A paper by Fallon et al. (2022), discusses the use of PCR in the diagnosis of uveitis, a disease that is identified by inflammation of the eye. The aqueous or vitreous fluid of the eye was used to run PCR to detect Herpes Simplex Virus, Varicella Zoster Virus, Cytomegalovirus, Toxoplasmosis gondii, Mycobacterium tuberculosis and Epstein-Barr Virus. In this study, data that was used included the pre-PCR test diagnosis and treatment and the post-PCR test diagnosis and treatment from 116 patients. Using this data Fallon et al. (2022) wanted to see the significance of PCR in diagnosing and treating uveitis. 49% of patients had a diagnosis change and 27% of patients had a treatment change based on the results of PCR testing.
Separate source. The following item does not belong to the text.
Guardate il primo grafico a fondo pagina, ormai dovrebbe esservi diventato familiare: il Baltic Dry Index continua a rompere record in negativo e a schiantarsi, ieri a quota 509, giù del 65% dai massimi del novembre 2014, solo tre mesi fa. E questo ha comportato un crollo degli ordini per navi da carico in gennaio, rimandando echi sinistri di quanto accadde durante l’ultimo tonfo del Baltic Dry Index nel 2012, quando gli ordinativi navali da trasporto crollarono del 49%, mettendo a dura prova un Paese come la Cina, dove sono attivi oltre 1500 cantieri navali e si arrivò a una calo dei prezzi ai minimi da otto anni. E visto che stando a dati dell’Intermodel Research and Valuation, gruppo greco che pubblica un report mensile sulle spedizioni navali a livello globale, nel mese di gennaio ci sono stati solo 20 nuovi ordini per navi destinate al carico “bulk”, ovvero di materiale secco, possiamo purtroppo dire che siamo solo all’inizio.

The results of the study by Fallon et al. (2022) showed that PCR testing in patients allows for treatment changes and improved diagnosis of infectious uveitis. It was also noted that the PCR testing results had a higher impact on uveitis diagnosis in patients who didn’t have a pre-test diagnosis or had an unknown diagnosis. The CDC also performed a study using the Fulgent COVID-19 RT-PCR test to examine the testing’s specificity and accuracy. The results out of a total 2039 subjects was a testing sensitivity of 94.7% and a specificity of 100% making it one of the most accurate tests on the market for the diagnosis of COVID-19 (Velavan, T. P et al. (2021). These results show us that PCR testing is confirmatory in nature, and can greatly impact patient care treatments, diagnosis, and management even in cases where patients have been previously diagnosed using other laboratory methods.
References
- Fallon, J., Narayan, S., Lin, J., Sassoon, J., & Llop, S. (2022). The impact of polymerase chain reaction (PCR) on diagnosis and management of infectious uveitis at a tertiary care facility. Journal of Ophthalmic Inflammation and Infection, 12(1).
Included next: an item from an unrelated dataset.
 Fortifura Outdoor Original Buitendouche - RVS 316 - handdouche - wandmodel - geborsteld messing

- Khehra, N., Padda, I. S., & Swift, C. J. (2023). Polymerase chain Reaction (PCR). StatPearls - NCBI Bookshelf.
- Nhgri. (2019, March 9). Polymerase Chain Reaction (PCR) fact sheet. Genome.gov.
- Velavan, T. P., & Meyer, C. G. (2021). COVID-19: A PCR-defined pandemic. International journal of infectious diseases : IJID : official publication of the International Society for Infectious Diseases, 103, 278–279.